It’s not only True Romance celebrating a 20th anniversary this year — so is FX. The Hollywood Reporter spoke to many of our favorite people on our favorites shows (and Kurt Sutter!) about what it’s like to work for the two-decade-old network “that encourages smart TV (almost) without rules.”
The entire series is worth a read, but I especially like Archer creator Adam Reed’s write-up.
In 2008, after having yet another show canceled, I walked the 1,000-kilometer Via de la Plata, which runs from Seville in the south of Spain to Santiago de Compostela in the northwest. On the walk, I was to come up with a new show idea (to satisfy my slavering agents, Matt and Joel). But after 500 kilometers of rain, mud, broiling sun and barking dogs — alternating daily between two sets of clothes and four socks — I was an exhausted, bearded mess.
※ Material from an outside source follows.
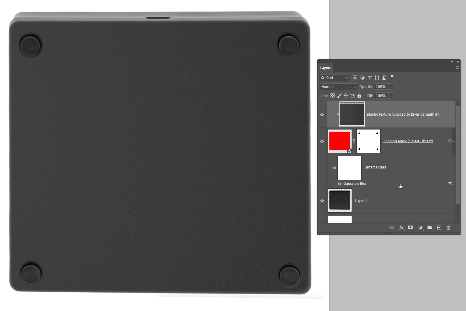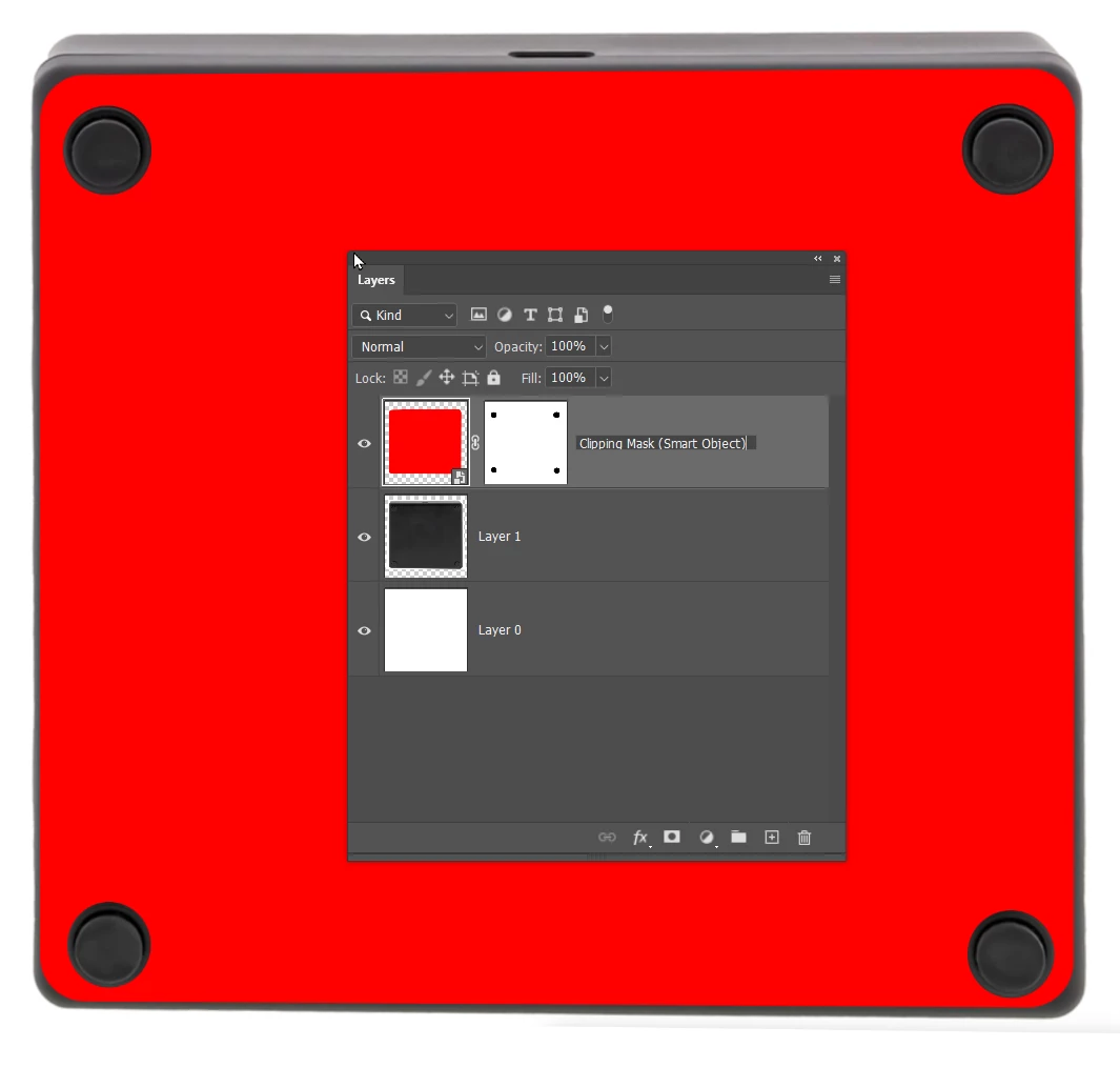 Add a rectangle layer to cover the base (because it is easy to create the corner radii) and make it a Smart Object so we can fine tune the fit and add effects. Colour is unimportant as it is just a clipping mask. Add a layer mask to reveal the feet.

So I took a much needed laundry/ blister/sanity break in Salamanca, where the main industry, turns out, is breathtakingly, heartbreakingly beautiful women. They are everywhere. So I sat on the Plaza Mayor for three days — drinking either coffee or beer or gin, depending on the time of day — surrounded by these Spanish women who seemed both unaware and completely aware of their beauty. Occasionally they would glance over — and catch me gaping at them — and just smile at me like, “I know, right?” And for three days, I couldn’t even splutter “Buenos dias” to any of them.
And thus was Sterling Archer born — he would’ve absolutely sauntered over to a table full of those women and sat down and ordered an entire case of cava or whatever. (Via)
Weird. And here I was thinking all TV showrunners are astronaut hunks who only write when they’re bored with threesomes. Kind of like bloggers.